Directions for this task: In the records below, find the line with "首元は、横ボタンで留めていた", then retype it and every following line exactly, stopping after the line with "腰を反ると腰椎は前に動く力が". Leave the pictures out.

Excerpted records:
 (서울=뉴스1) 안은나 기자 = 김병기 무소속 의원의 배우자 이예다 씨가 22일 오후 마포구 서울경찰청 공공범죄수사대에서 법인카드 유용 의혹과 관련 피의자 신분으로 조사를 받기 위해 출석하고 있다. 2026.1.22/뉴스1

==

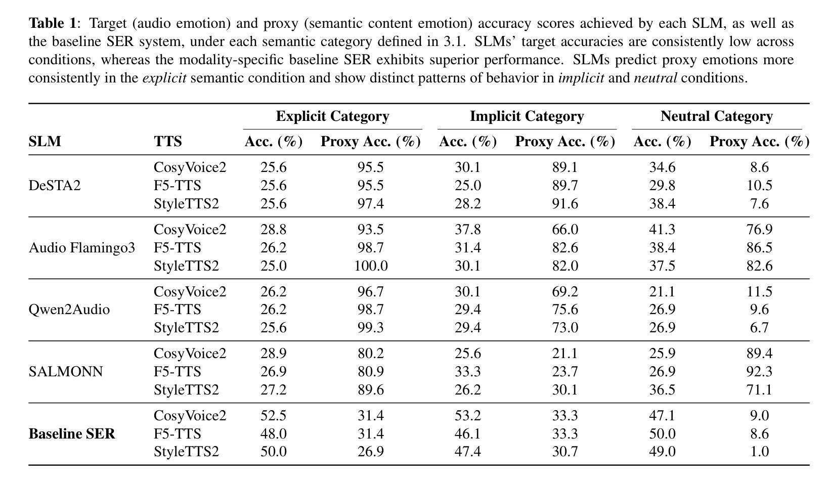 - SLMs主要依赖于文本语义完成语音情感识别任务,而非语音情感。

* * *

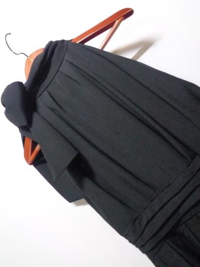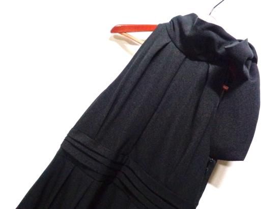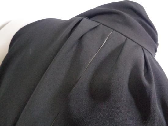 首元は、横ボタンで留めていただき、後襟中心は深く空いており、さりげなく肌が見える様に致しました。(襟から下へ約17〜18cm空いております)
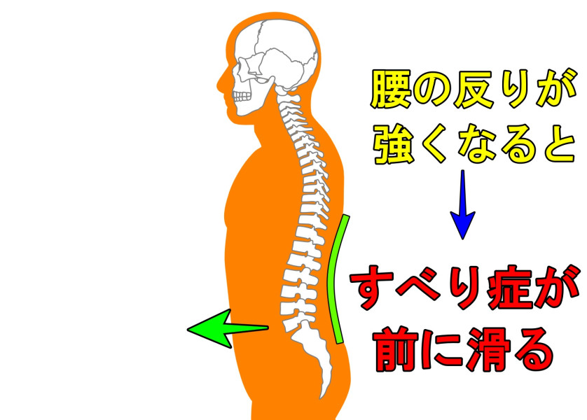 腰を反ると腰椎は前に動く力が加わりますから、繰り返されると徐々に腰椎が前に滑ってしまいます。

Answer space:
 首元は、横ボタンで留めていただき、後襟中心は深く空いており、さりげなく肌が見える様に致しました。(襟から下へ約17〜18cm空いております)
 腰を反ると腰椎は前に動く力が加わりますから、繰り返されると徐々に腰椎が前に滑ってしまいます。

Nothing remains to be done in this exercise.